Even Academy Award winning film makers need to learn the basics of 3D and how it looks on the big screen. Not write off things like miniaturization which they do not understand. Improper image size is completely within the scope of the film makers creative decisions. Script supervisors need to take detailed notes about camera interaxial and lens focal length. Editors need to understand these measurements so that they can choose better quality 3D shots, and take into consideration the intended size of objects when editing. Two clips may have the same screen size, but have completely different apparent sizes to the observer.
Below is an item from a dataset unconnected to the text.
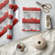 Silver och röda julklappar och glitter, röda armbågar med accenter från guld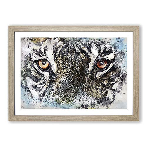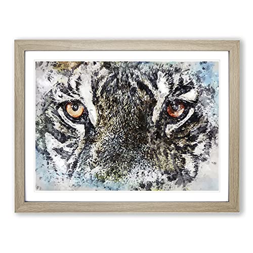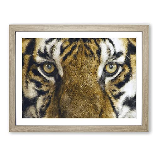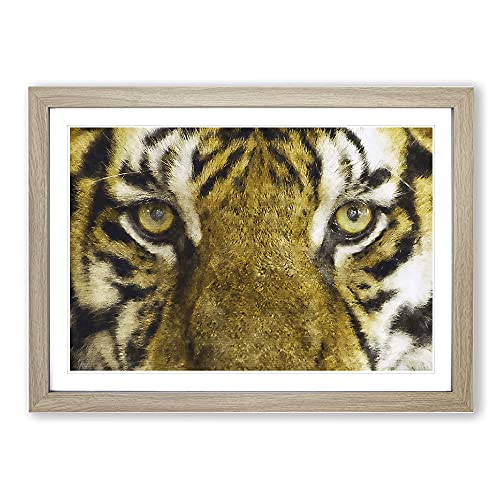 Eye Of The Tiger Painting Modern Art Framed Wall Art Print, Ready to Hang Picture for Living Room Bedroom Home Office Décor, Oak A4 (34 x 25 cm)

That calculation is falling into the hands of untrained "Rig Techs" who are given the critical job of pulling interaxial distance.
The 3D educational community needs to focus on teaching seasoned film makers how to compensate for the issues like the ones contained in this article in order to bring 3D film quality to a point where it is accepted by the masses.
Let me back up what I am saying by referring to a quote from Hugh Murray's 1995 document ...
IMAX® 3D Film Production
An Overview of 3D Photography
Presented at The Workshop - ISTC 1995.
"In 2D photography, longer focal length lenses make the images larger. In geometric terms this is not true in 3D. The apparent size of subjects compared to their "real" size is determined by the ratio of viewer interocular to camera interocular and nothing else. Larger camera interoculars make things appear smaller and vice versa."